Suppose h(x) = f (g(x)) and the graphs of f and g are shown below. Describe the continuity of h at x = 0.
how would you do this if you were given two graphs:
discontinuity at -2,0; point at -1,1; and point at 0,0 (to make a parabola)
then discontinuity at 0,-1; and then continuous points 1,-1; 2,-1, 3,-1....\
G- point at-2,-1; -1,0; discontinuity at 0,1
then point at 2,0; 1,1; 2,0; 3,1; 4,2
h is continuous at x = 0.
h is discontinuous at x = 0 since h(0) is undefined.
h is discontinuous at x = 0 since the limit of h(x) as x approaches 0 does not exist
h is discontinuous at x = 0 since the limit of h(x) as x approaches 0 does not equal 0
Hard to tell which branch of the functions are defined at the discontinuity. That is, where is the solid dot, and where is the open circle?
g(0) is hard to figure, since "discontinuity at 0,1" doesn't give a clear picture. Also, you have (2,0) twice in the list of g's values.

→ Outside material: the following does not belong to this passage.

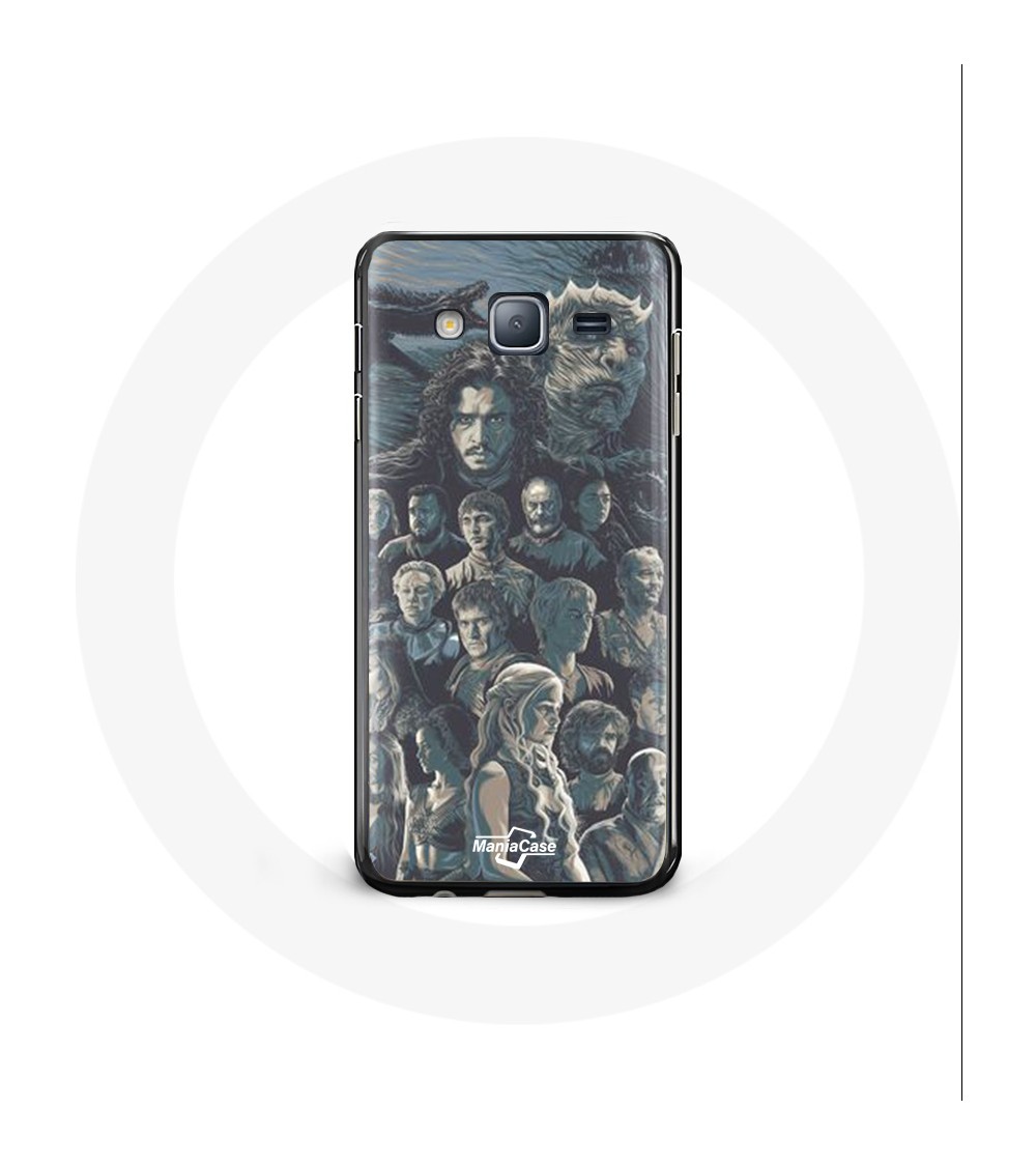 Coque de protection pour Samsung Galaxy J3 2016 Game of Thrones Saison 8 Le Trône de Fer Affiche Personnages Fond Gris

To determine the continuity of h at x = 0 based on the given graphs of f and g, we need to consider two things: the values of f(g(x)) as x approaches 0 and the existence of h(0).
First, let's evaluate f(g(x)) as x approaches 0. Looking at the graph of f, we see that f(g(0)) would be undefined since g(0) is at a point of discontinuity for f. Therefore, we can conclude that h is discontinuous at x = 0 because h(0) is undefined.
Alternatively, we can also consider the limit of h(x) as x approaches 0. To find the limit, we need to evaluate f(g(x)) as x approaches 0 from both the left and the right sides. From the given information, we can see that the values of g(x) approach 0 as x approaches 0 from either side. However, the corresponding values of f(g(x)) do not approach a defined value or they do not approach each other. Therefore, the limit of h(x) as x approaches 0 does not exist. Hence, h is discontinuous at x = 0.
In summary, based on the given graphs, we can conclude that h is discontinuous at x = 0 because h(0) is undefined and the limit of h(x) as x approaches 0 does not exist.